Task instructions: Your copy must start with the line containing "9月25日,我院召開黨委理論" and end with the last line of the entries, matching them exactly and leaving out every picture.

───── The data

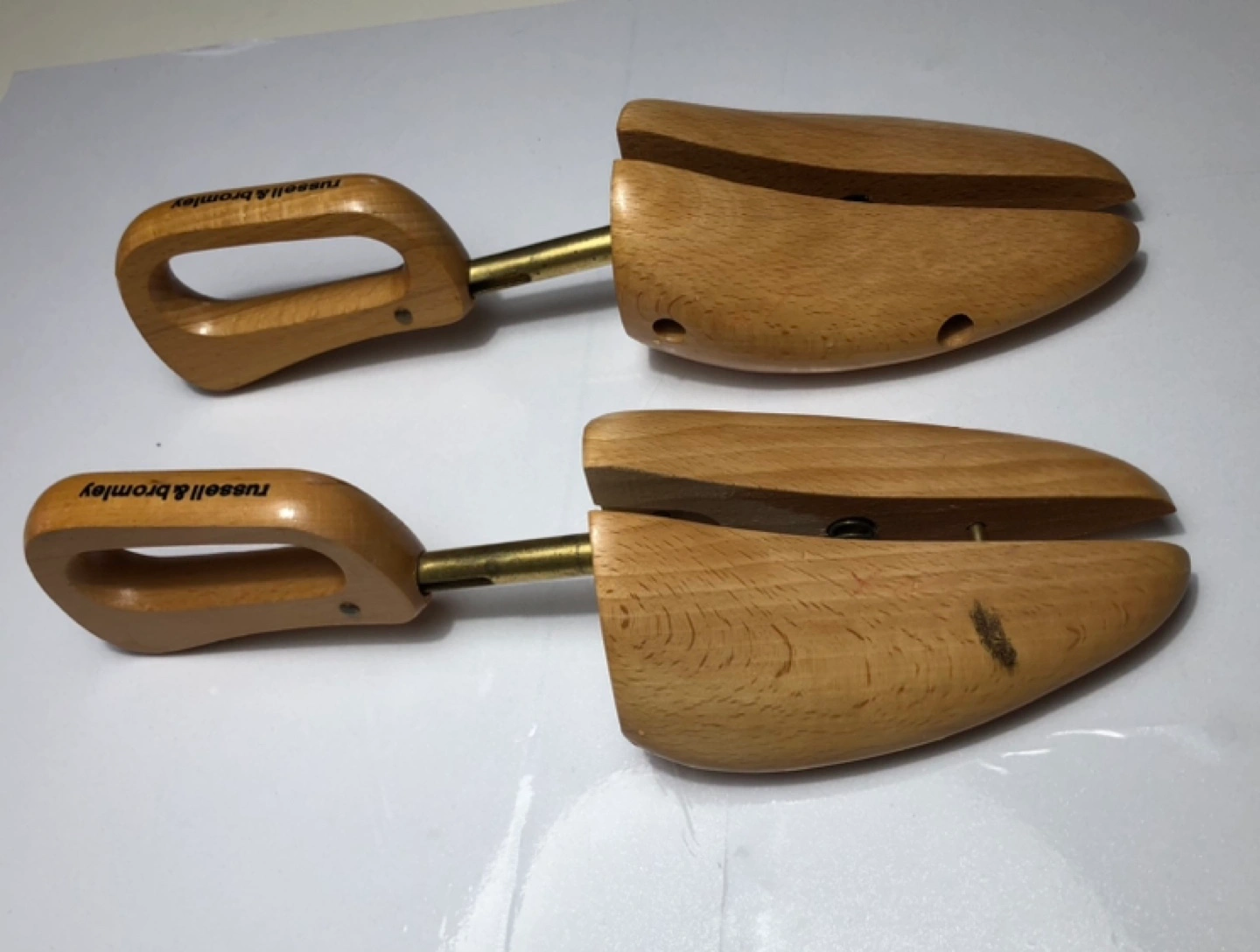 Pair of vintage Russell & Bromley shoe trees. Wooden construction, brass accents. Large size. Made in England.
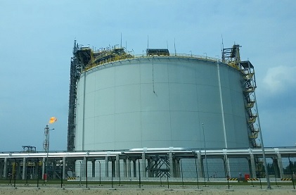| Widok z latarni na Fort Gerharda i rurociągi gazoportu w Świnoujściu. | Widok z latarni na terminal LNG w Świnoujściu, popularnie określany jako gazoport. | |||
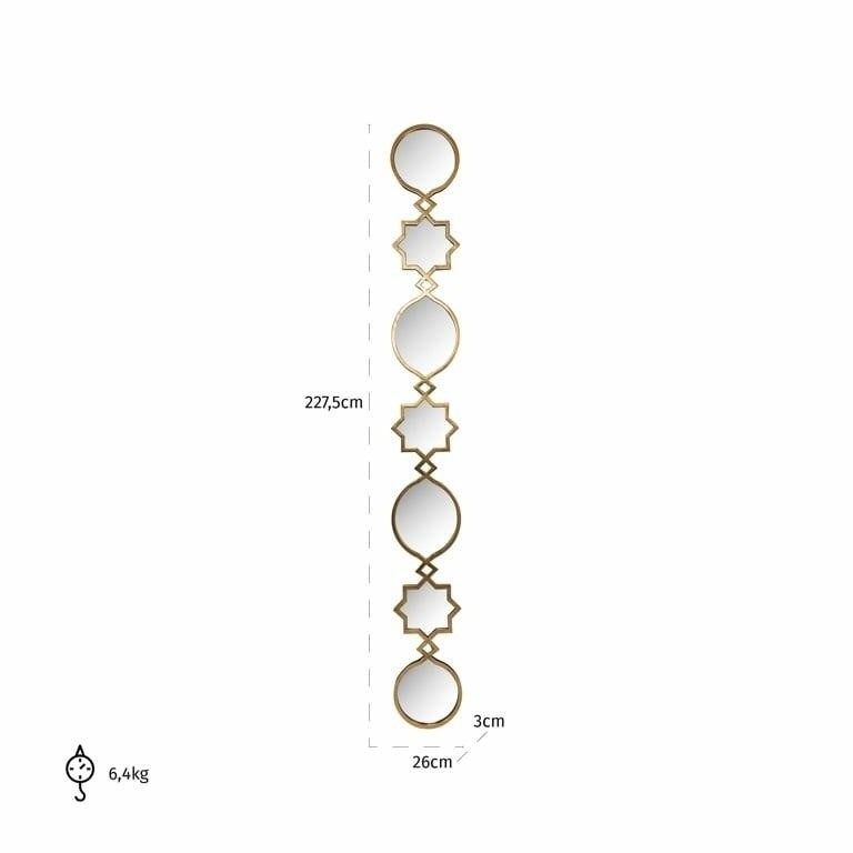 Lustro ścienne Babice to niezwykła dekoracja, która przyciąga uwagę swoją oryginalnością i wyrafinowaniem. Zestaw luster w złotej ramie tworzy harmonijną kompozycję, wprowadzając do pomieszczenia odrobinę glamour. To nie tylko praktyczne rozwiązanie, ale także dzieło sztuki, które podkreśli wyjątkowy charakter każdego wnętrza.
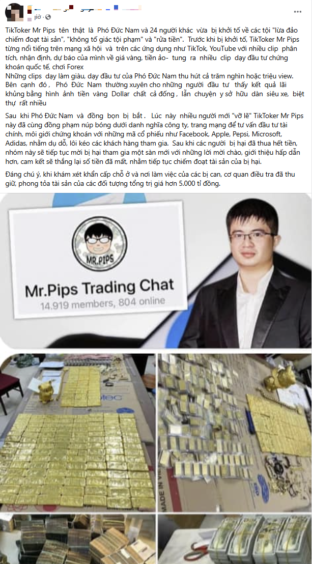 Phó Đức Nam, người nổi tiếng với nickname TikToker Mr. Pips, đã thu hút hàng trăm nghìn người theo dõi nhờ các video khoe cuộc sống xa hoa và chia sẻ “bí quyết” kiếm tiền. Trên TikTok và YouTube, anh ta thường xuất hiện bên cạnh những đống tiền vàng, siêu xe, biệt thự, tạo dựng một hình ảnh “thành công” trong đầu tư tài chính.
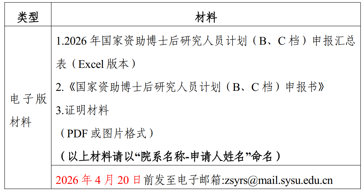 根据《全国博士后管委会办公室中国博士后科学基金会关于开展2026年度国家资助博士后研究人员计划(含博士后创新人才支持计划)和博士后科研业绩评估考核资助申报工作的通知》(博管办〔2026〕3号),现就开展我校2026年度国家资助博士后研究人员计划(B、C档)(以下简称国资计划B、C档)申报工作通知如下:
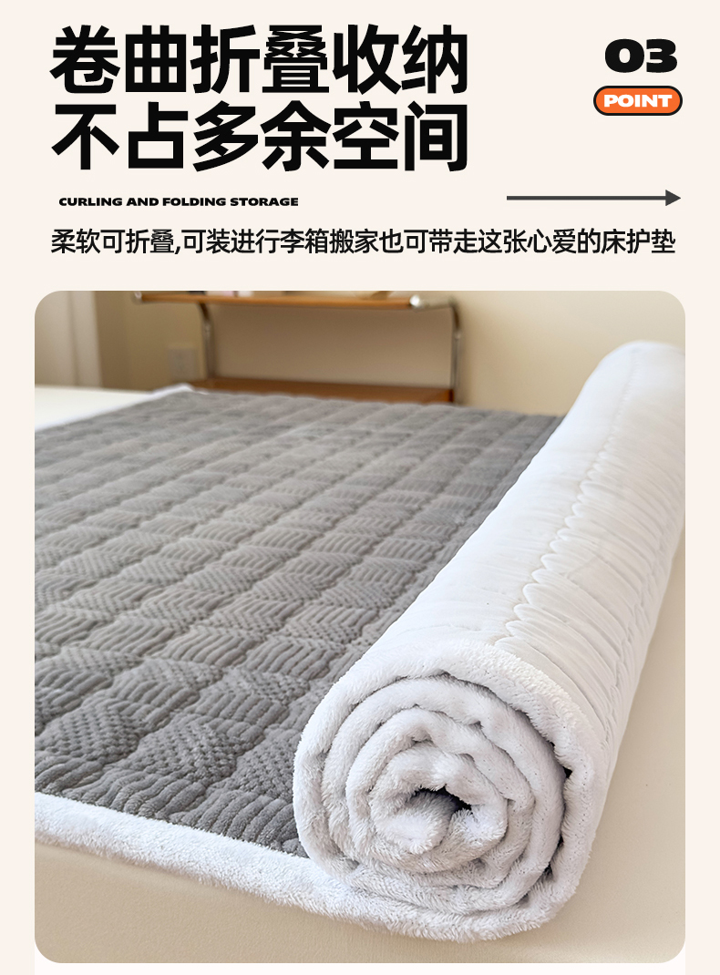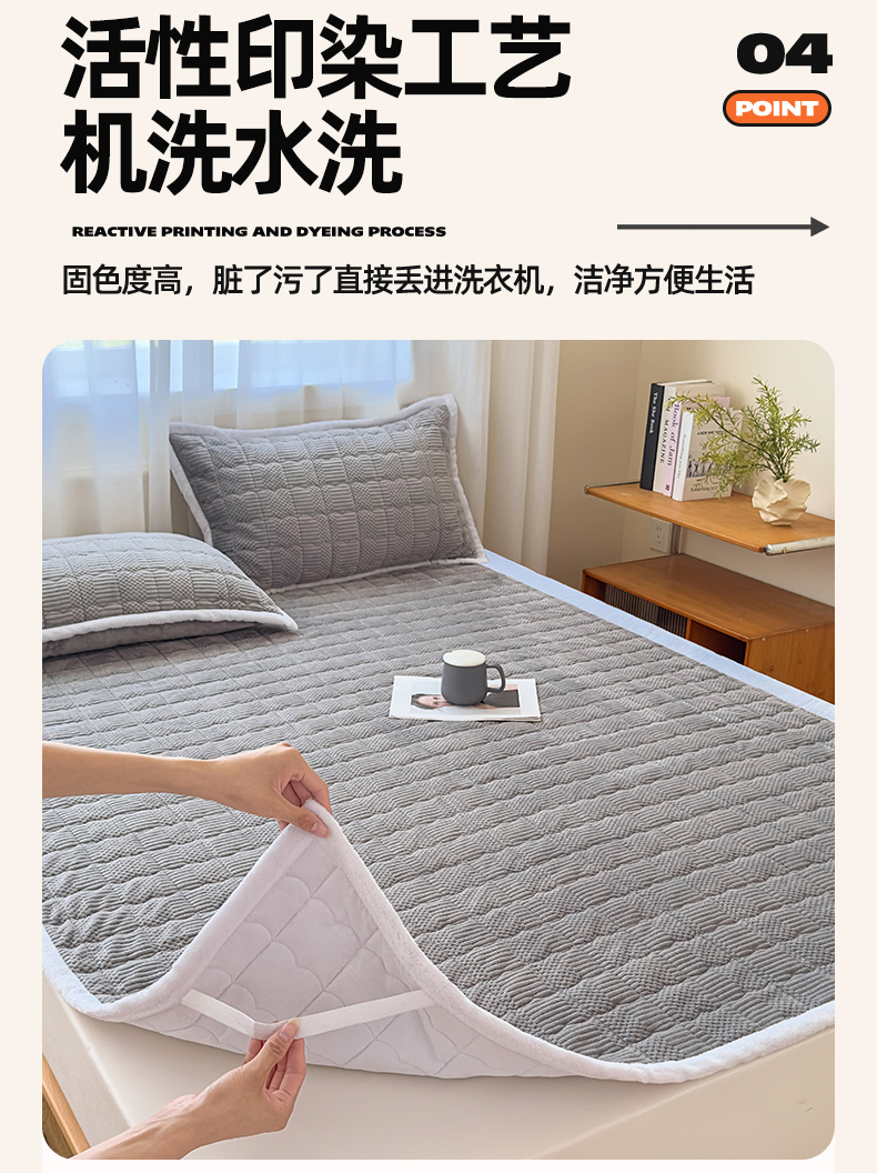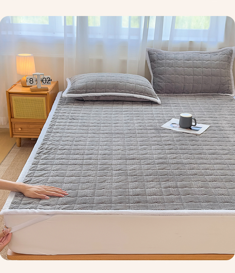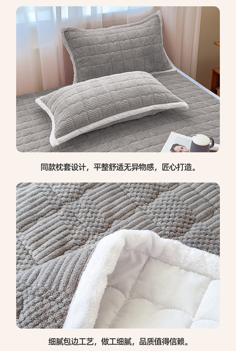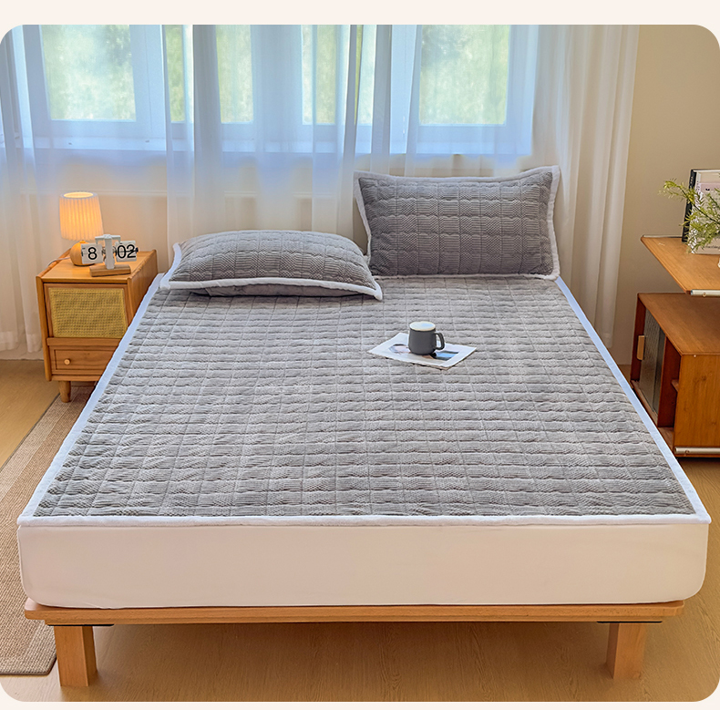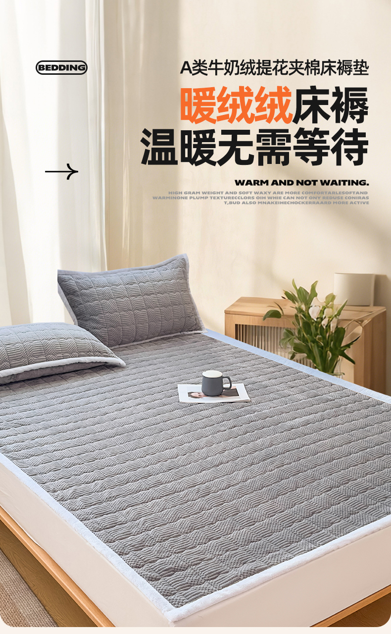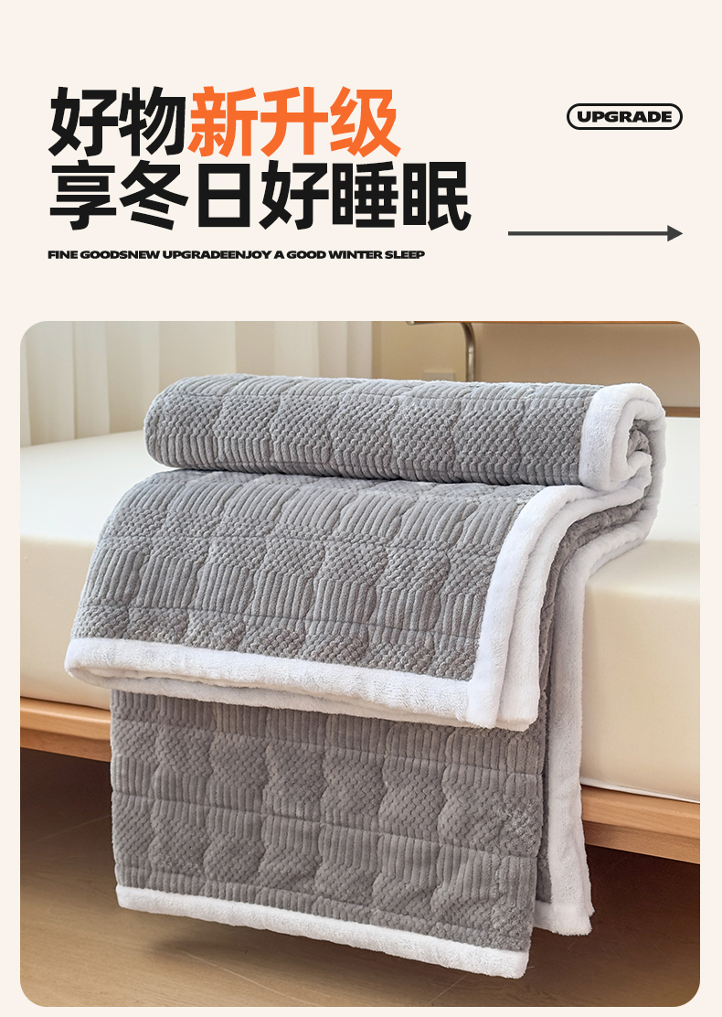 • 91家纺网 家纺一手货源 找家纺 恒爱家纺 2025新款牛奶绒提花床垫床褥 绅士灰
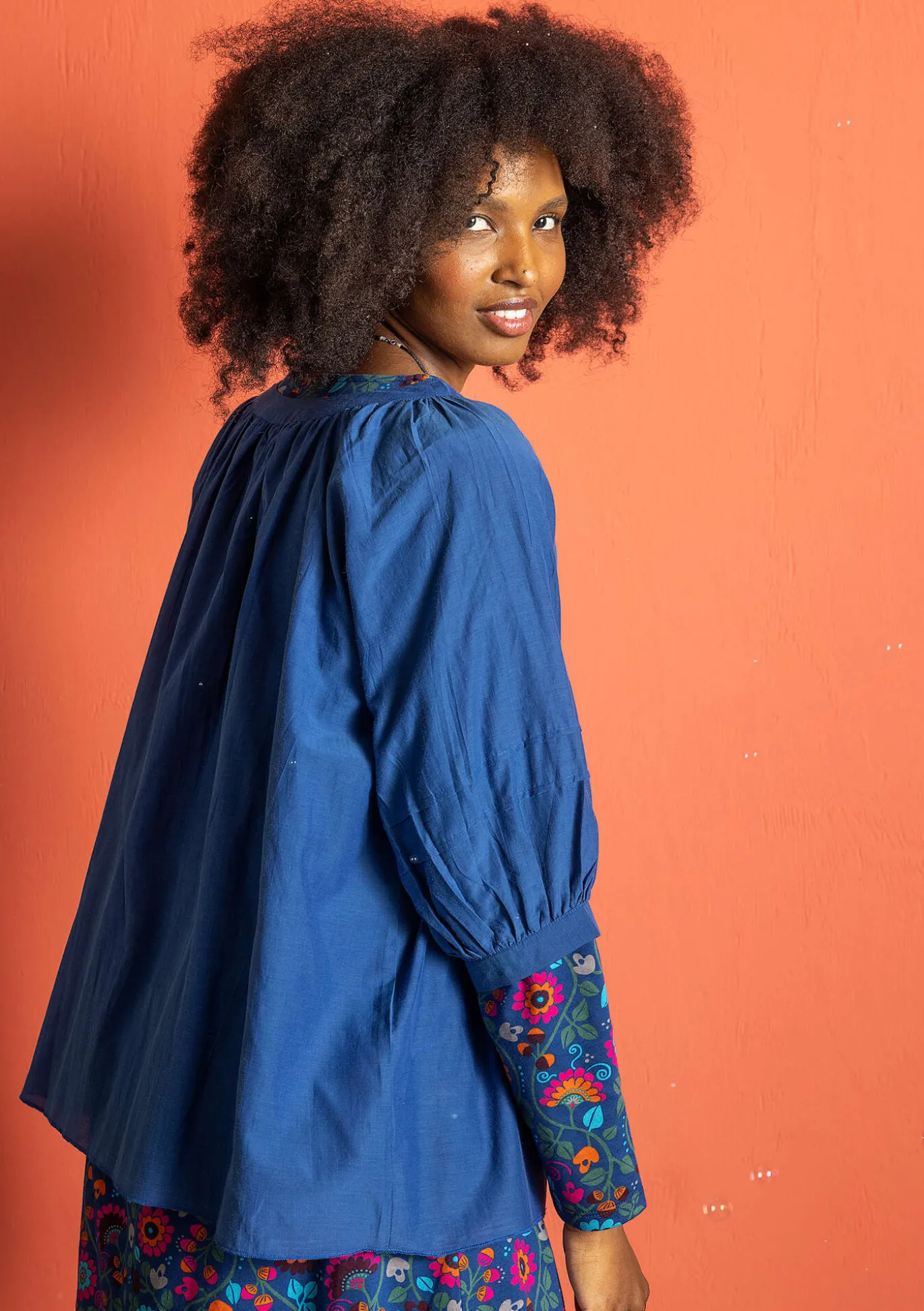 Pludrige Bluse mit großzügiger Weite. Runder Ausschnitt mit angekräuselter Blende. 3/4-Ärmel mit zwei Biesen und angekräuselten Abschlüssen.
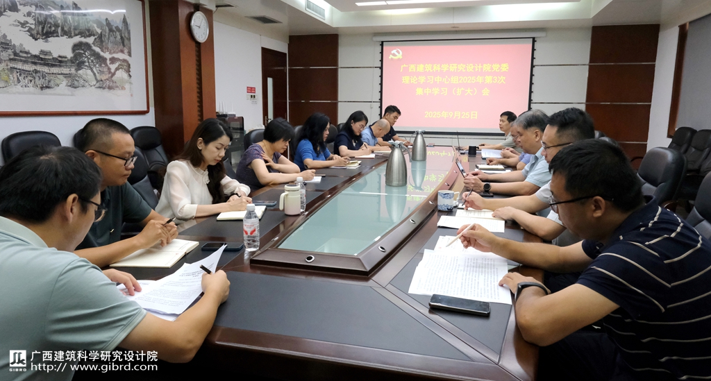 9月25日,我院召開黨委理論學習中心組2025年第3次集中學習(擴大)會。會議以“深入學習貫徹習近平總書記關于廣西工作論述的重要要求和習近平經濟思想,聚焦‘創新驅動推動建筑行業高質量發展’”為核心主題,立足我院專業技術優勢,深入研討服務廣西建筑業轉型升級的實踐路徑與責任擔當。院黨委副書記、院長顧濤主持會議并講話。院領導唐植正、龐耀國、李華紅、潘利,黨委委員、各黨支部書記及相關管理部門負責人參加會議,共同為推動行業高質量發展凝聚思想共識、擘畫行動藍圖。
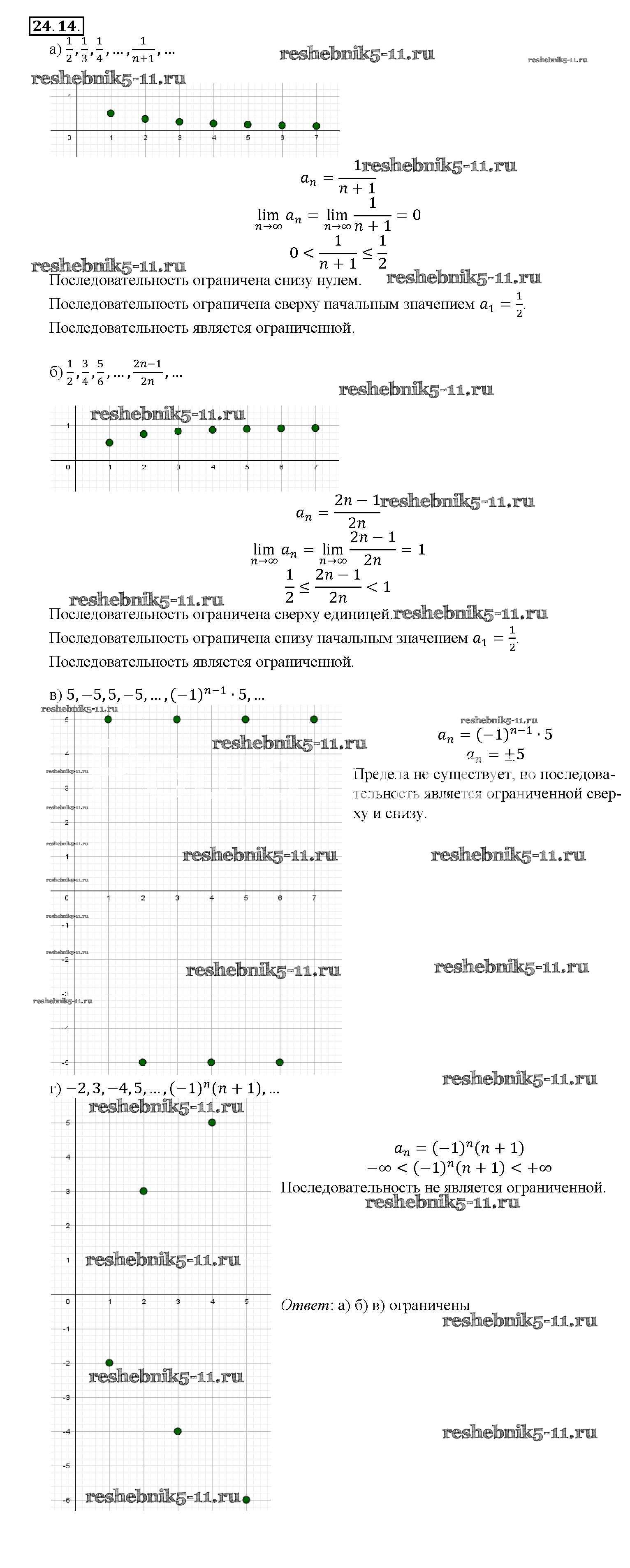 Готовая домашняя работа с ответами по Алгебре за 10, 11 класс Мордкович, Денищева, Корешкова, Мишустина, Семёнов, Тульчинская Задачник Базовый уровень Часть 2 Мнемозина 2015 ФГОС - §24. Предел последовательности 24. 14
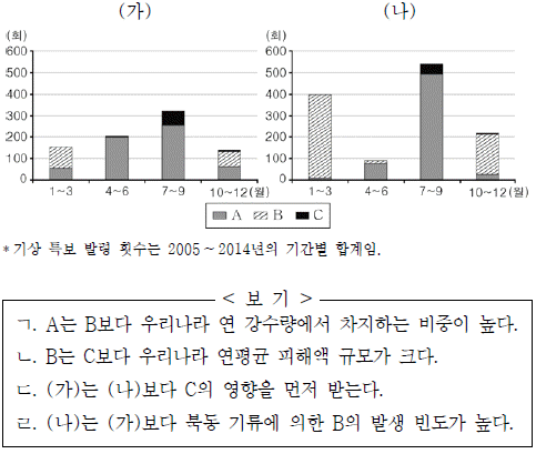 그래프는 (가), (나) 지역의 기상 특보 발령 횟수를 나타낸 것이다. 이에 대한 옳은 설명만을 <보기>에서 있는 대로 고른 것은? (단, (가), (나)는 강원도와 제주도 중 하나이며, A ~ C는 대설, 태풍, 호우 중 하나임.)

──────────

The completed task:
 9月25日,我院召開黨委理論學習中心組2025年第3次集中學習(擴大)會。會議以“深入學習貫徹習近平總書記關于廣西工作論述的重要要求和習近平經濟思想,聚焦‘創新驅動推動建筑行業高質量發展’”為核心主題,立足我院專業技術優勢,深入研討服務廣西建筑業轉型升級的實踐路徑與責任擔當。院黨委副書記、院長顧濤主持會議并講話。院領導唐植正、龐耀國、李華紅、潘利,黨委委員、各黨支部書記及相關管理部門負責人參加會議,共同為推動行業高質量發展凝聚思想共識、擘畫行動藍圖。
 Готовая домашняя работа с ответами по Алгебре за 10, 11 класс Мордкович, Денищева, Корешкова, Мишустина, Семёнов, Тульчинская Задачник Базовый уровень Часть 2 Мнемозина 2015 ФГОС - §24. Предел последовательности 24. 14
 그래프는 (가), (나) 지역의 기상 특보 발령 횟수를 나타낸 것이다. 이에 대한 옳은 설명만을 <보기>에서 있는 대로 고른 것은? (단, (가), (나)는 강원도와 제주도 중 하나이며, A ~ C는 대설, 태풍, 호우 중 하나임.)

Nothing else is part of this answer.